Figure 4. Lipid A entry and early transport pathway.

(A) Stereo view of the MsbA structure in the presence of lipid A shows a front membrane portal formed by TM4 and TM6, which is open to the cytoplasmic leaflet of the inner membrane. A row of basic and polar residues (green sticks) on TM4 and TM6 are arrayed to promote entry of the negatively charged lipid A or LPS in combination with a lateral inward motion of TMs as shown in (C and D). Yellow sticks represent an LPS molecule manually modeled at the corresponding positions in 5TV4 and 6BPL, with key residues Arg78 (TM2), Arg148 (TM3), and Arg296 (TM6) (purple sticks) more deeply buried for selective interaction with the two phosphorylated glucosamine units of lipid A at a later stage of transport.
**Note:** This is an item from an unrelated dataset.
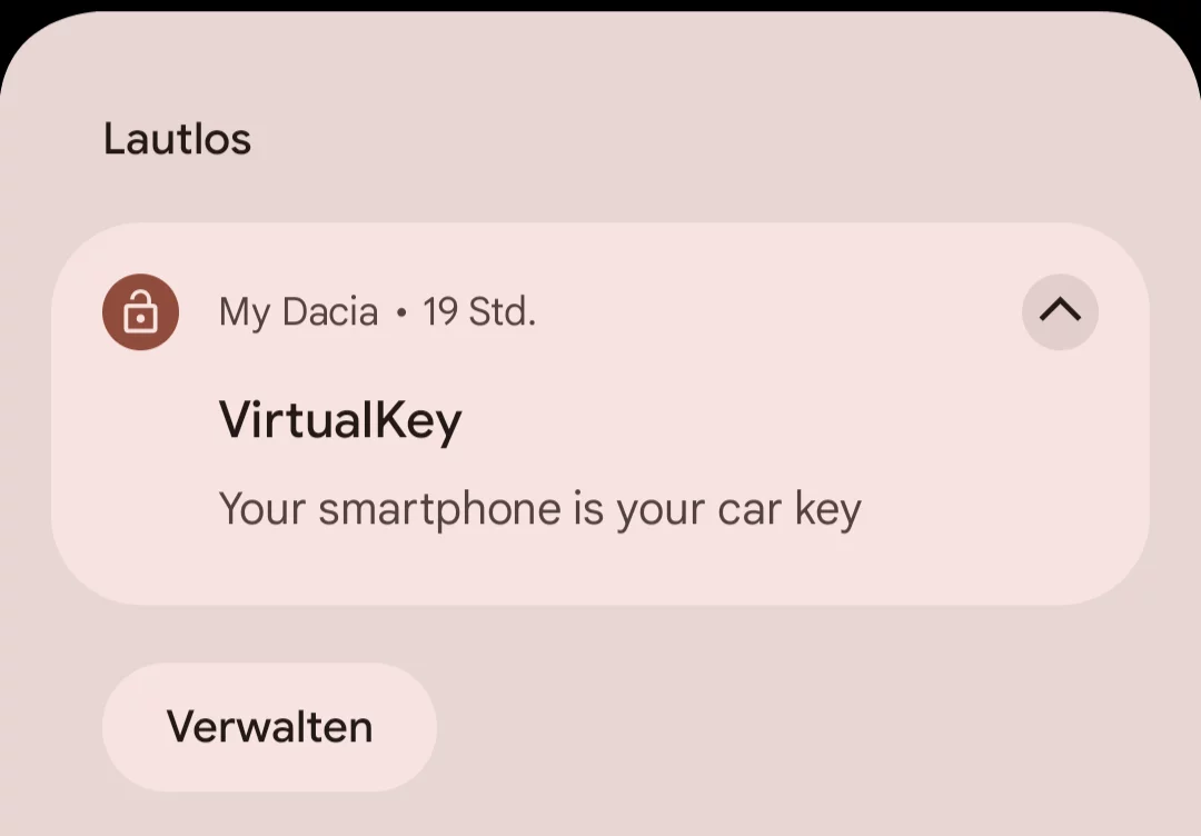 Seit einiger Zeit bekomme ich als Benachrichtigung folgende Meldung von der myDacia-App auf's Handtelefon:

A red arrow is drawn to describe a rough path of lipid A entry and halfway through its transport. (B) Electrostatic surface representation of MsbA structures (blue, +10 kT/e; red, −10 kT/e). A decreased opening of the membrane portal is highlighted by the green triangle from the inward open (left) to inward closed (right) conformation. (C) Structure alignment with 5TV4 (dark grey) and 6BPL (light grey). Only a monomer is shown, and the NBDs are omitted for clarity. The inward motion of TM4 and TM5 towards TM6 results in gradual closure of the membrane portal as seen in (B). (D) Cytosolic view of the lateral movements occurring between the current structure (left) and the cryo-EM structure (right) bound with lipid A or LPS. Key lipid A binding residues (Arg78, Arg148 and Arg296) shift closer to the center of the lipid channel, allowing tighter binding and possibly the upward movement of lipid A that bridges the two TMDs.